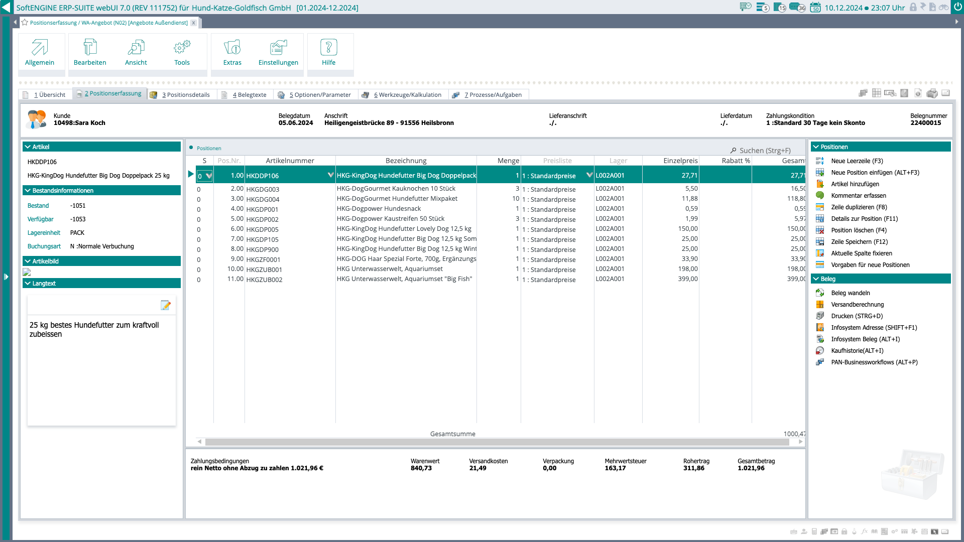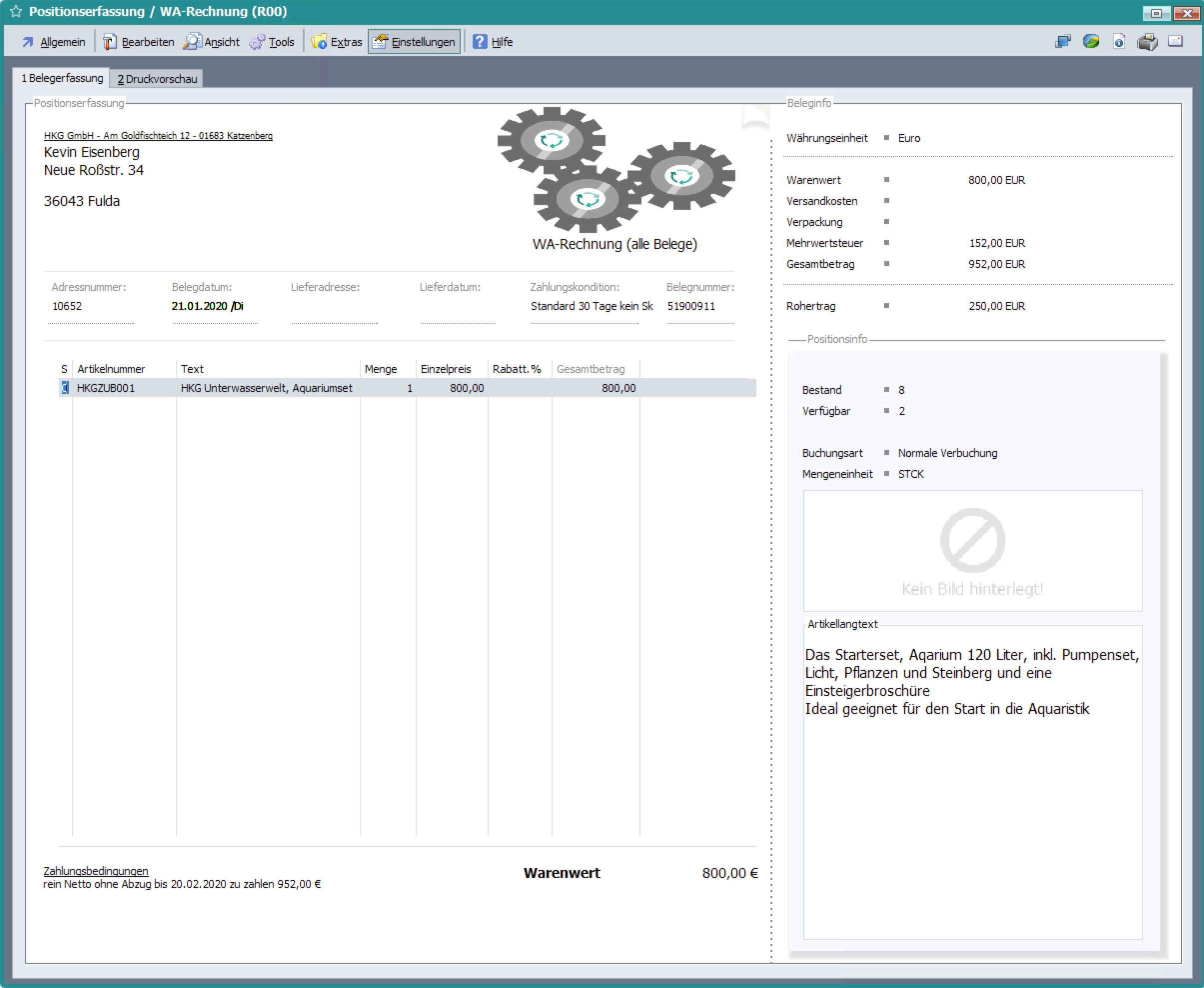 Wechseln Sie zur Karteikarte Positionserfassung.
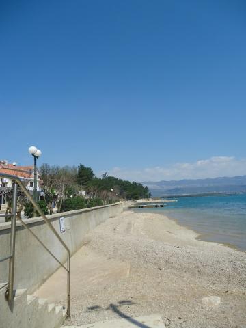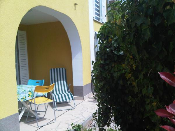 Lep, urejen apartma. Imeli smo svoj vhod, dovolj velika terasa. Gazdarica prijazna. Gostilna 1min hoje stran , plaza 2minuti , pekarna 5minut. Prijazni sosedi. Plaza primerna tudi za invalidski vozicek. Mivka in igrala za otroke... se se vrnemo. Mesto je ob vecerih mirno, brez nocnega nemira.
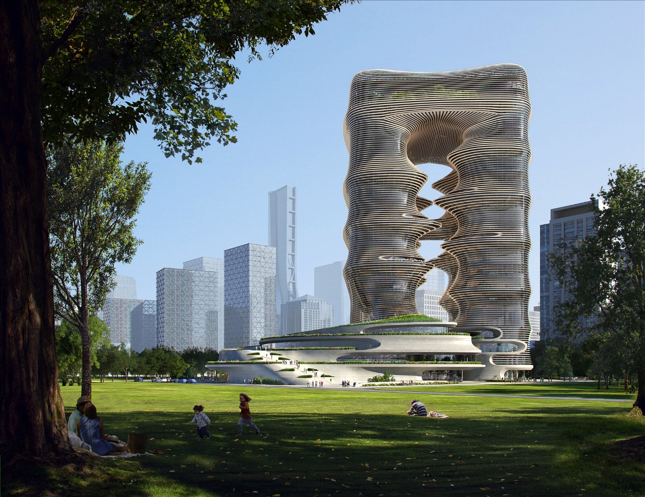 从目前呈现的建筑楼体形态,亦可直观感受到“峡谷”的流动感。设计团队巧妙地将自然峡谷的立体形态与流动特质融入建筑中,通过空中连体巨构、公共坡道以及退台花园等,打造出上下错落、内外通达的多层次立体空间结构。
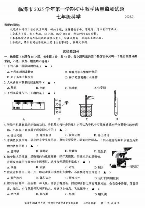 浙江省台州市临海市2025学年第一学期初中教学质量监测试题 七年级科学(扫描PDF版,含答案+答题卷)
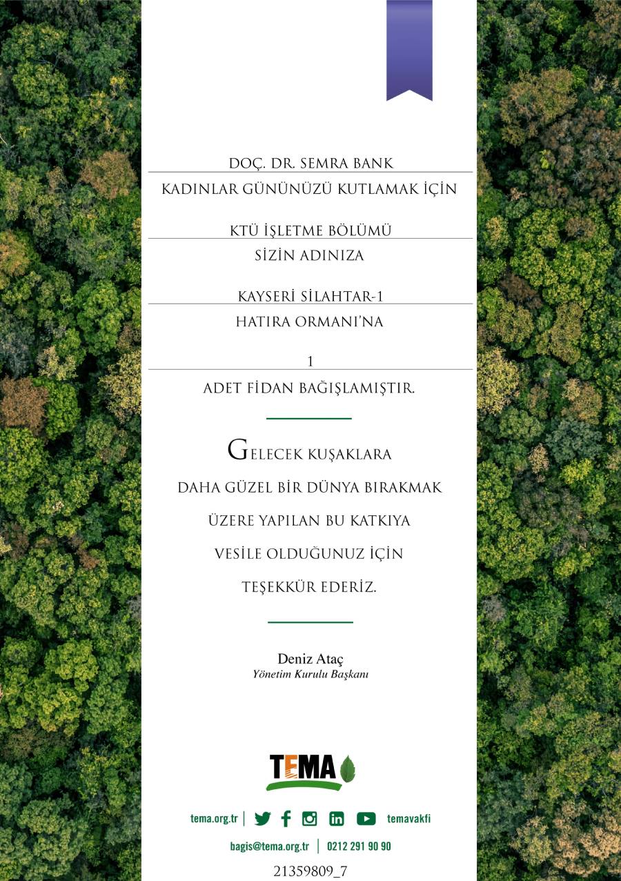 KTÜ İşletme Bölümü 8 Mart Dünya Kadınlar Günü kapsamında kadın akademik ve idari personeli adına TEMA Vakfı'na fidan bağışında bulundu.

- [Exercise prompt]
Return the listing above unaltered, omitting its pictures.

- [Expected answer]
 Wechseln Sie zur Karteikarte Positionserfassung.
 Lep, urejen apartma. Imeli smo svoj vhod, dovolj velika terasa. Gazdarica prijazna. Gostilna 1min hoje stran , plaza 2minuti , pekarna 5minut. Prijazni sosedi. Plaza primerna tudi za invalidski vozicek. Mivka in igrala za otroke... se se vrnemo. Mesto je ob vecerih mirno, brez nocnega nemira.
 从目前呈现的建筑楼体形态,亦可直观感受到“峡谷”的流动感。设计团队巧妙地将自然峡谷的立体形态与流动特质融入建筑中,通过空中连体巨构、公共坡道以及退台花园等,打造出上下错落、内外通达的多层次立体空间结构。
 浙江省台州市临海市2025学年第一学期初中教学质量监测试题 七年级科学(扫描PDF版,含答案+答题卷)
 KTÜ İşletme Bölümü 8 Mart Dünya Kadınlar Günü kapsamında kadın akademik ve idari personeli adına TEMA Vakfı'na fidan bağışında bulundu.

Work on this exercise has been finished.